The selection logic has one hard rule: if more than one skill could apply, the agent picks the most specific one and reads only that file. This keeps context lean. A request like "summarize this podcast episode" triggers summarize, not openai-whisper-api — even though both deal with audio. The distinction: summarize handles URLs and can delegate to Whisper internally; it's the right entry point.

Where the system is genuinely bad: skills with overlapping descriptions can confuse the selector. If you have a workspace skill that overrides a built-in with a poorly-written description tag, you'll get silent misfires. The fix is to write tight, specific descriptions — not marketing copy. Use when: X. NOT for: Y. is the correct format.

Good description pattern

<description>

Fetch GitHub issues, spawn sub-agents to implement fixes and open PRs,

then monitor and address PR review comments.

Use when: fixing bugs across a repo autonomously.

NOT for: simple PR lookups or CI status (use github skill instead).

</description>

What the Community Is Saying

"Claude Code Unpacked" landing at #1 on Hacker News this morning with 9 comments in under an hour is telling — people are hungry to understand what their AI coding tools are actually doing under the hood, not just what the marketing page claims. On r/LocalLLaMA, the running theme lately is frustration with capability gaps: agents that confidently claim tool access they don't actually have, or that silently fail when an integration breaks.

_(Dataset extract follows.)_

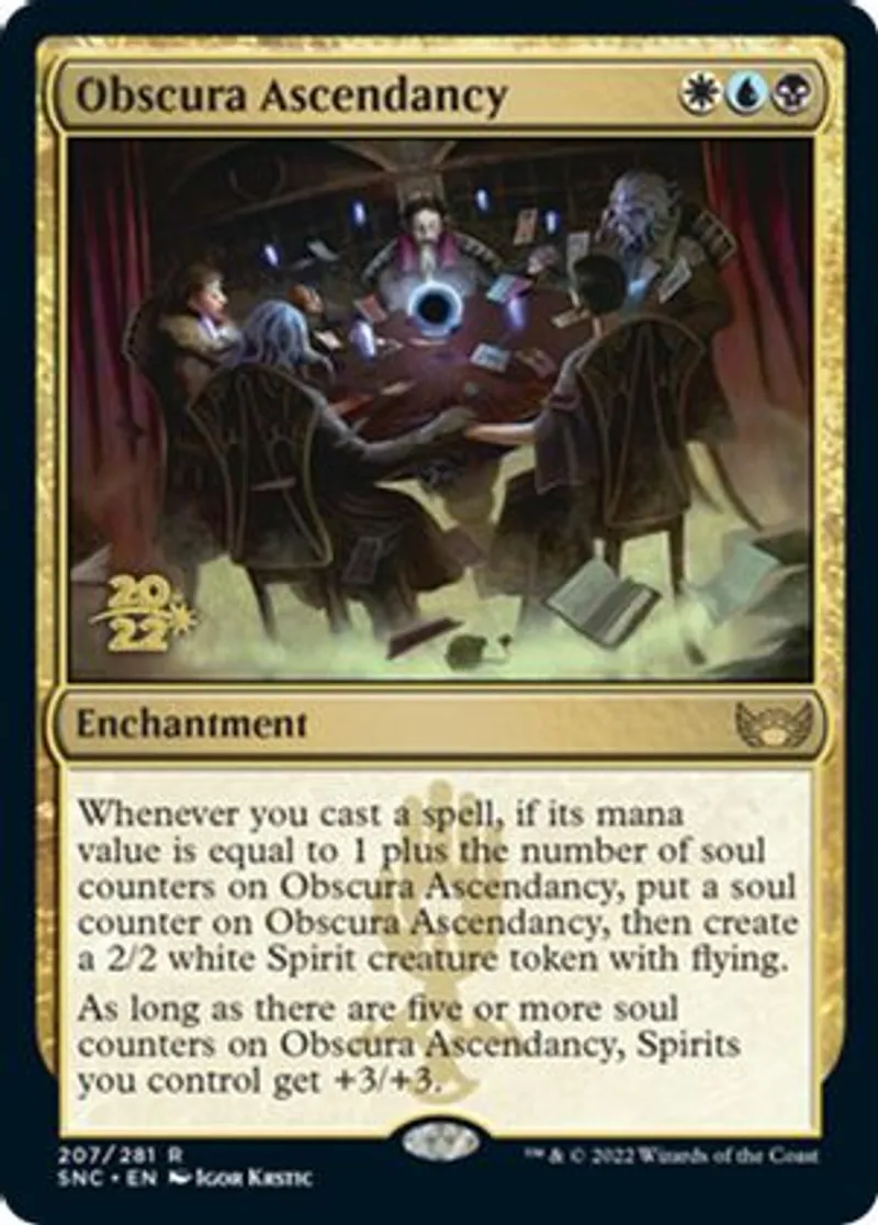 | Oracle Text | Whenever you cast a spell, if its mana value is equal to 1 plus the number of soul. counters on Obscura Ascendancy, put a soul counter on Obscura Ascendancy, then create a 2/2 white Spirit creature token with flying.

Reddit's ML community has been comparing tool-use implementations across Claude, GPT-4.1, and Gemini 2.5 Pro — the consistent finding is that structured tool definitions (like SKILL.md's precise use/not-for framing) produce significantly fewer ambiguous selections than free-form plugin descriptions. Meanwhile on X, the developers seeing the most consistent output from agentic setups are the ones who treat their skill/tool library as first-class code: versioned, documented, tested. The pattern that's emerged: if you can't describe what a skill does in two sentences with concrete exclusions, neither can your agent.

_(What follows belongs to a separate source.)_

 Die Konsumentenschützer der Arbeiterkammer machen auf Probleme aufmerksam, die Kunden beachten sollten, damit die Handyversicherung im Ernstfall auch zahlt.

Build Your Own Skill in 15 Minutes

The minimum viable skill is three files: a directory, a SKILL.md, and optionally a scripts/ subfolder for any shell or Python helpers. Here's the structure that actually works:

# Create the skill directory

mkdir -p ~/.openclaw/workspace/skills/my-skill/scripts

# Minimum SKILL.md structure

cat > ~/.openclaw/workspace/skills/my-skill/SKILL.md <<EOF

# My Skill Name

<description>

One sentence: what this skill does.

Use when: [specific trigger condition].

NOT for: [clear exclusion].

</description>

## Steps

1. Do X using [tool]

2. Do Y

3. Report result to user

EOF

A few things worth knowing before you start writing. Skills are read at the beginning of a task — they're instructions, not wrappers. The agent will follow them the same way it follows any other context, which means if your skill says "always confirm before deleting," it will actually always confirm before deleting. Scripts in the scripts/ directory should be referenced by path from the SKILL.md, not assumed to be in PATH.

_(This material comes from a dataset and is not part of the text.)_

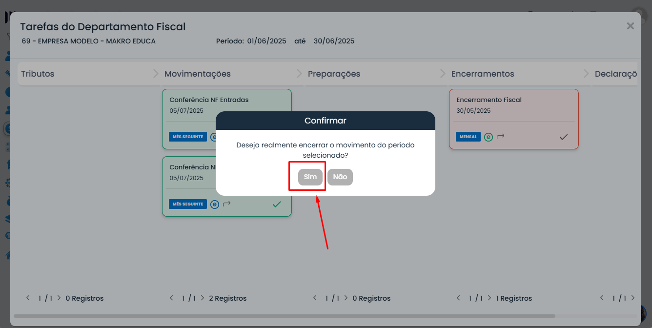 Ao selecionar a tarefa de encerramento fiscal, o sistema exibirá uma mensagem de confirmação solicitando a validação da ação. Para concluir o encerramento do movimento referente ao período selecionado, clique na opção “Sim”.

The fastest way to get a working skill is to use the skill-creator skill itself: just say "create a skill that does X" and it'll scaffold the whole thing. Then you review and edit. Takes about five minutes for anything non-trivial. See also: How to Build Custom OpenClaw Skills.

Start With Three Skills

Don't try to activate everything at once. Pick the three skills that match your highest-friction daily tasks, spend an afternoon learning how they behave, then expand from there. Most people who get value from OpenClaw fast are using github + gog + summarize or github + cron + healthcheck within their first week.